Our mission is to help create a culture that honors diversity and celebrates community; that inspires and nurtures justice, equality and freedom; that respects our fragile Earth and all its beings; that encourages and supports all forms of creative expression.
We see cultural work as an essential part of and support for political and economic change. Many of our materials celebrate movements for social change and their leaders, thus helping to legitimize history that is largely ignored or trivialized by commercial media and school textbooks. SCW also helps to unite socially concerned artists with a growing audience hungry for meaningful artwork.
Art is a critical complement to activism, lending soul to a function which is often brain heavy and spirit thin. No matter how brilliant our attempts to inform, it is our ability to inspire that will turn the tides.
When we look for hope, we turn to works of socially responsible artists which address the richness, the sacredness and the crisis of the contemporary human family. We are inspired by work that relates matter to spirit, that transforms a chunk of honest reality into profound possibility by a change of tone or throw of light. Art created with a sense of integrity has a redemptive power, a healing power which helps us transcend the tragic particularities of our culture. We are responsible for creating a culture in our own image. Our work is not simply to expose the evils, display our disrespect for greed and violence, refuse to cooperate with a consumerist culture. We need to build a culture of change. We need political art that is visionary, visionary art that is political.

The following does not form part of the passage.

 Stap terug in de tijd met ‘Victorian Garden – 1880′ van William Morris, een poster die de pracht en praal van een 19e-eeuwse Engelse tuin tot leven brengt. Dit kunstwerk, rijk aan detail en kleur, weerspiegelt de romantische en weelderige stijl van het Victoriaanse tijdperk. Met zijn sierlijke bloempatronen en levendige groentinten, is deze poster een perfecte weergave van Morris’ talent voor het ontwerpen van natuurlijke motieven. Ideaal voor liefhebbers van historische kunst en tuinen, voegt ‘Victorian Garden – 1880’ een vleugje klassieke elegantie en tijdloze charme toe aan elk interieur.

We are a vast community of resisters and believers, artists and activists. Though we are renewed collectively at political rallies, music festivals, Solstice rituals, what is it that sustains us when the candles are out and the crowd disperses? What is it that keeps us fueled for the fight in our day-to-dayness? Art reflects our visions back to us, bears witness to the triumph of our sensibilities, helps us remember what we need to remember in order to survive. Art and activism is like yin and yang, light and dark - one is nothing without the other.